With the above KKT qualifications satisfied, if $ \boldsymbol{x}^* $ is a local optimum, then there exists some KKT multipliers $ \boldsymbol{\lambda}\in \mathbb{R}^{m} $ and $ \boldsymbol{\mu} \in \mathbb{R}^{2n} $, such that \begin{equation}\label{KKTPOINKKT} \boldsymbol{R}( \boldsymbol{z},p) = {\left[\begin{matrix}\nabla_{ \boldsymbol{x}^*} {g} ( \boldsymbol{x}^*) + \boldsymbol{\lambda}^{\top} \boldsymbol{A(p)} + \boldsymbol{\mu}^{\top} {\left[\begin{matrix} \boldsymbol{1}\\ \boldsymbol{-1} \end{matrix} \right]} \\ \boldsymbol{A}(p) \boldsymbol{x} - \boldsymbol{b}(p) \\ {\mu}_ 1 h_1( \boldsymbol{x^*}) \\ {\mu}_ 2 h_2( \boldsymbol{x^*}) \\ \vdots \\ {\mu}_{2n} h_{2n}( \boldsymbol{x^*}) \end{matrix} \right]}= \boldsymbol{0} \end{equation}
for \begin{align} h( \boldsymbol{x}^*) &\preccurlyeq 0,\\ \boldsymbol{\mu}& \succcurlyeq 0 \end{align} where \begin{align} h( \boldsymbol{x})=& {\left[\begin{matrix} \boldsymbol{x}- \boldsymbol{x}_{\text{max}} \\ \boldsymbol{x}_{\text{min}}- \boldsymbol{x} \end{matrix} \right]},\\ \boldsymbol{z} = &{\left[\begin{matrix} \boldsymbol{f} ^T& \boldsymbol{\lambda}^{\top} & \boldsymbol{\mu}^{\top} \end{matrix} \right]^{\top}}. \end{align}

By (A.3) a local optimum $ \boldsymbol{x}^* $ satisfying the above exists, and by strict convexity (A.1a) this optimum must be unique. This implies $ \boldsymbol{s}(p)= \boldsymbol{x}^* $.

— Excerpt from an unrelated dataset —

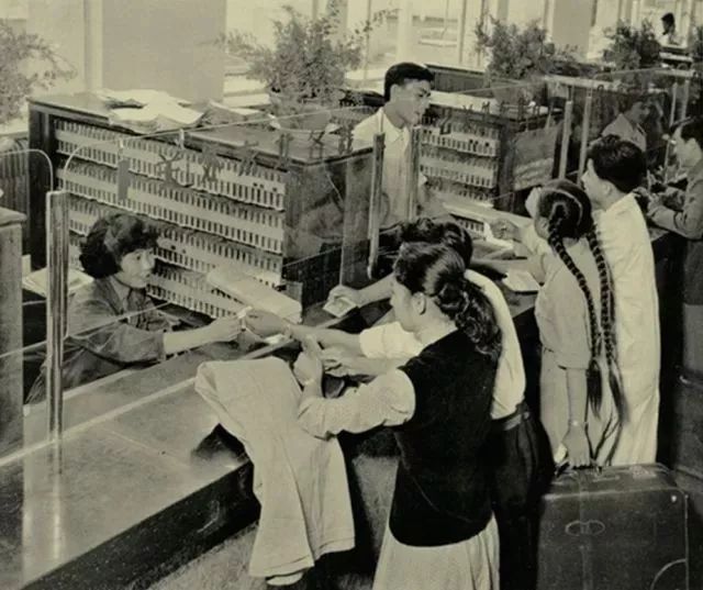 1959年9月14日晚,毛泽东主席视察北京站,在售票大厅通过玻璃窗口接过售票员递出的一张火车票。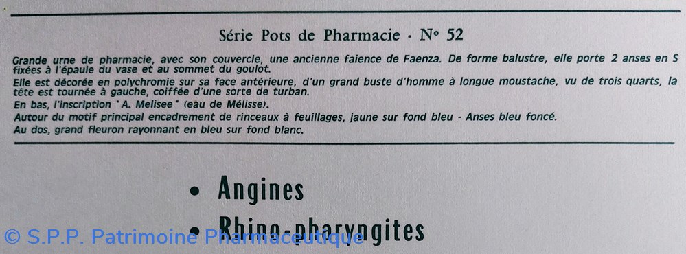 ROUSSEL N°52 URNE de pharmacie - Faenza

Step 2 (Show differentiability given that the active set does not change)

Let the the active set $ {{\mathbb{A}}} $ be the set of constraints that are strictly active,
(i.e. $h_i=0 $, $ \mu_i >0$ $ \implies h_i \in h_{{\mathbb{A}}} $ )
Let $\boldsymbol{R}_{{\mathbb{A}}}( \boldsymbol{z},p)$, be $\boldsymbol{R}( \boldsymbol{z},p)$, only containing the active constraints of ${{\mathbb{A}}}$.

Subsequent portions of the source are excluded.